O desenho de primers é o processo de selecionar oligonucleotídeos curtos (18–30 nucleotídeos) que hibridizam especificamente a uma região alvo de DNA para iniciar a polimerização por uma DNA polimerase. O sucesso da reação em cadeia da polimerase (PCR), do sequenciamento Sanger e da preparação de bibliotecas de sequenciamento de próxima geração depende criticamente da qualidade dos primers. Primers bem desenhados maximizam a eficiência de amplificação enquanto minimizam ligações fora do alvo, formação de dímeros de primers e estrutura secundária. Ferramentas computacionais automatizam o processo de desenho, aplicando modelos termodinâmicos para prever temperatura de melting, conteúdo GC e potencial de hibridização cruzada no genoma modelo.

Conceitos-Chave

Parâmetros-chave definem a qualidade dos primers. A temperatura de melting (Tm) , calculada usando o modelo termodinâmico do vizinho mais próximo, estima a temperatura na qual metade do dúplex se dissocia; valores ideais de Tm ficam entre 50°C e 65°C, com primers forward e reverse dentro de 2°C um do outro. O conteúdo GC de 40–60% equilibra estabilidade e especificidade.
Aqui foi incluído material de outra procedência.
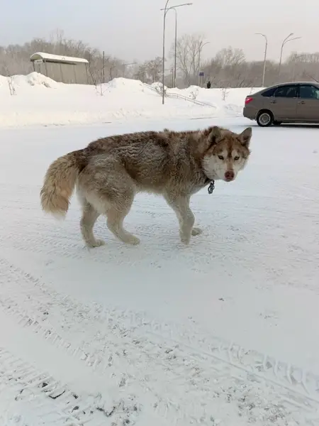 Хаски , кобель , окрас коричнево рыжий , особые приметы был в ошейники на ошейники висела цепь небольшой кусок , на носы есть шрам копал яму и порезался, сорвался с цепи . Обычно он приходит и знает местность Комиссарова . Уже нету 5 суток , возможно кто то его увёл .

A extremidade 3’ deve terminar em G ou C (um “GC clamp”) para garantir extensão eficiente. Primers devem evitar longas repetições de homopolímeros e hairpins ou dímeros estáveis. A especificidade é verificada por BLAST dos primers contra o genoma ou transcriptoma alvo para excluir correspondências fora do alvo com altos escores de alinhamento. Primers degenerados incorporam posições de bases misturadas para amplificar genes homólogos entre espécies.

Aplicações

O desenho de primers é essencial para todo experimento de reação em cadeia da polimerase. A PCR quantitativa (qPCR) requer primers que amplificam amplicons curtos (70–150 pb) com alta eficiência para quantificação precisa da expressão gênica. A PCR de transcrição reversa usa primers específicos de gene ou hexâmeros aleatórios para síntese de cDNA. Primers de sequenciamento de DNA devem se ligar unicamente a montante da região a ser lida, um fator crítico para o sucesso tanto do sequenciamento Sanger quanto do sequenciamento de próxima geração.